◆ Task goal ◆
In the entries below, repeat only the lines between those holding "3、口蘑:口蘑泡开后洗净,泡" and "3,5 мм разветвитель", inclusive. Leave pictures out.

◆ Items from a data source ◆
BEGIN

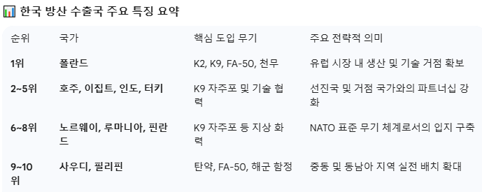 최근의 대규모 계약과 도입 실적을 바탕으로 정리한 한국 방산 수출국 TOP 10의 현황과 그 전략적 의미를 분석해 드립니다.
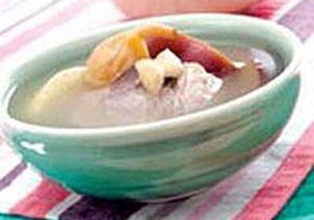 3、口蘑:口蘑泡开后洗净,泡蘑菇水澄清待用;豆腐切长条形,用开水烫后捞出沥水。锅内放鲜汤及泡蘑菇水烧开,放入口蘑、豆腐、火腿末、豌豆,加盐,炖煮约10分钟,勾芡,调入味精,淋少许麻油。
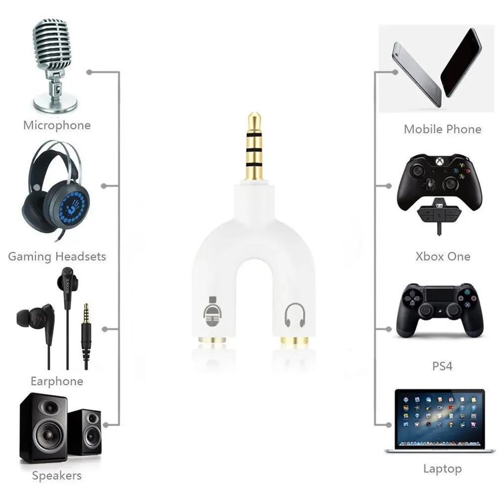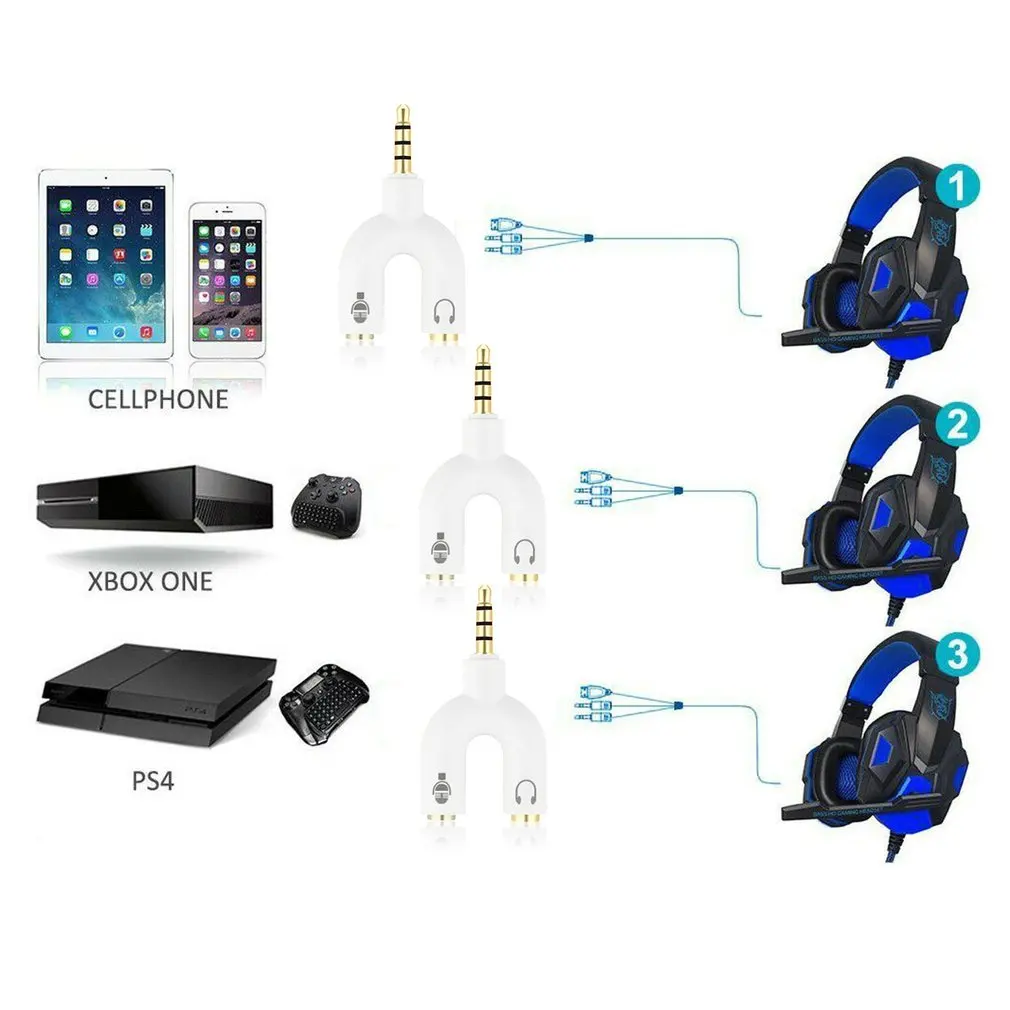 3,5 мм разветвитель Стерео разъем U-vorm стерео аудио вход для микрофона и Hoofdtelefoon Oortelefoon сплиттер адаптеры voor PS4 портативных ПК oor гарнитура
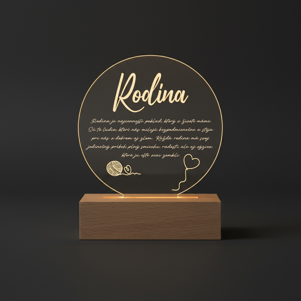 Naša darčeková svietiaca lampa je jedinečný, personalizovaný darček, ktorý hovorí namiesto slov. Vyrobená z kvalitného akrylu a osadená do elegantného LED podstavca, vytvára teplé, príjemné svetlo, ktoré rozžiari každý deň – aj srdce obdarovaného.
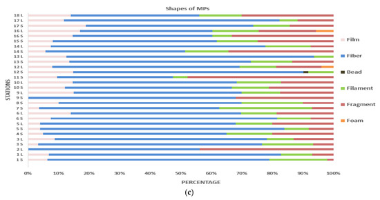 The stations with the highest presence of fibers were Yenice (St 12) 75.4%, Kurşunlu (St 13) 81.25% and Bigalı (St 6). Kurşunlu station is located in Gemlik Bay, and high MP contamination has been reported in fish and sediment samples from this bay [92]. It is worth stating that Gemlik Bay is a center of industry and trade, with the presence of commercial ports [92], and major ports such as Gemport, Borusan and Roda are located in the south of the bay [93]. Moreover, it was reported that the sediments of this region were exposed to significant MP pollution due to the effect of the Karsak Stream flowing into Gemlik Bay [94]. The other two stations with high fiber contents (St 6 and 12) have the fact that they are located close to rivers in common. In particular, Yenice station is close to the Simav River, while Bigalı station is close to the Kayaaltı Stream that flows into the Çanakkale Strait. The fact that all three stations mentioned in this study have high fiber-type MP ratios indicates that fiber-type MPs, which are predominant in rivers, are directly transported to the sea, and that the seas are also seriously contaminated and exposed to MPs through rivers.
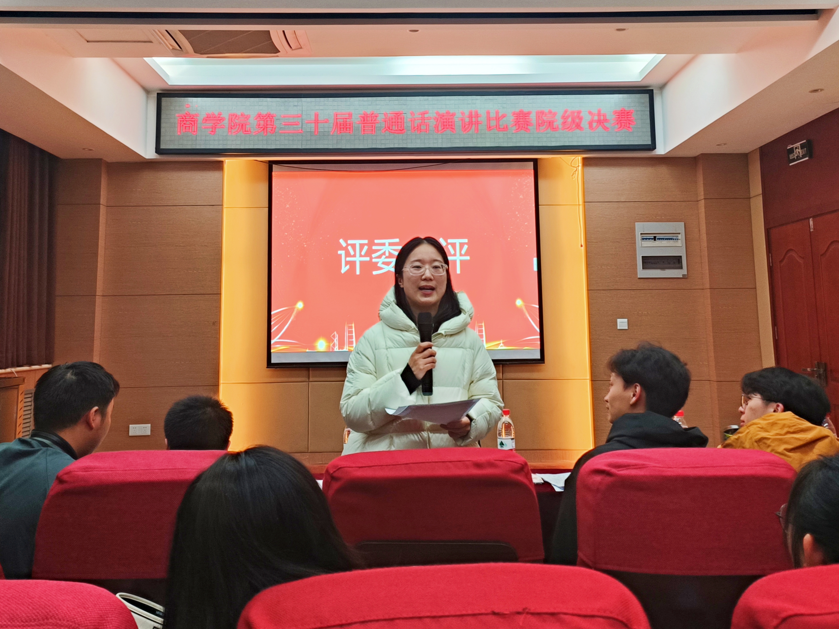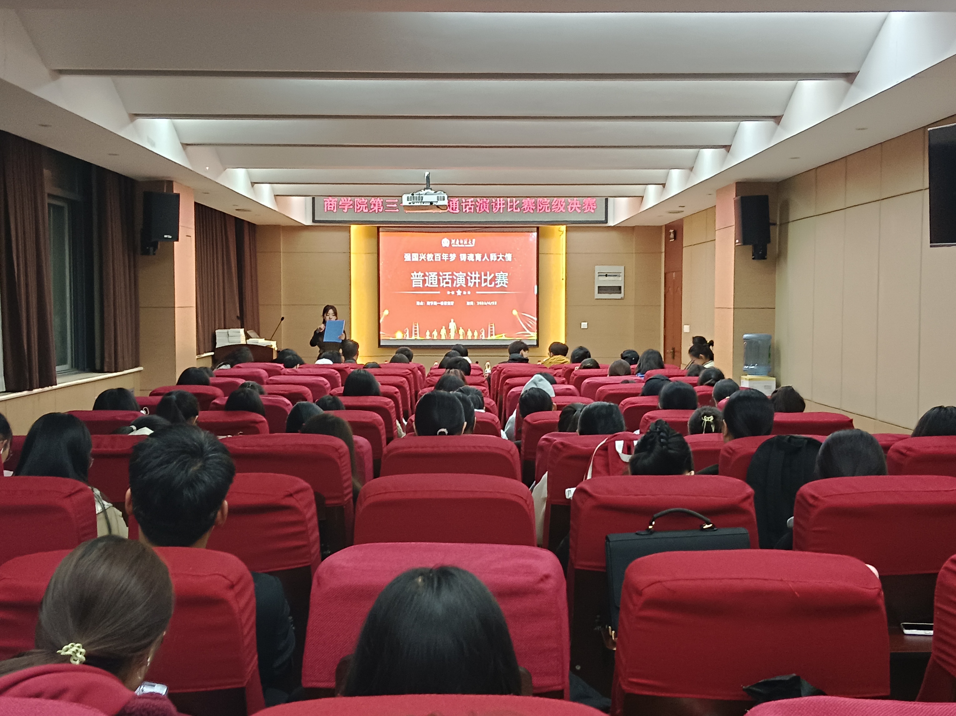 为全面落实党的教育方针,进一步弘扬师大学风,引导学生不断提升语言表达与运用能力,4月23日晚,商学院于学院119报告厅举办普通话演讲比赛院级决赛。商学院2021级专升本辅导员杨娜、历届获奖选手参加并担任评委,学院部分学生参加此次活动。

END

◆ Result below ◆
 3、口蘑:口蘑泡开后洗净,泡蘑菇水澄清待用;豆腐切长条形,用开水烫后捞出沥水。锅内放鲜汤及泡蘑菇水烧开,放入口蘑、豆腐、火腿末、豌豆,加盐,炖煮约10分钟,勾芡,调入味精,淋少许麻油。
 3,5 мм разветвитель Стерео разъем U-vorm стерео аудио вход для микрофона и Hoofdtelefoon Oortelefoon сплиттер адаптеры voor PS4 портативных ПК oor гарнитура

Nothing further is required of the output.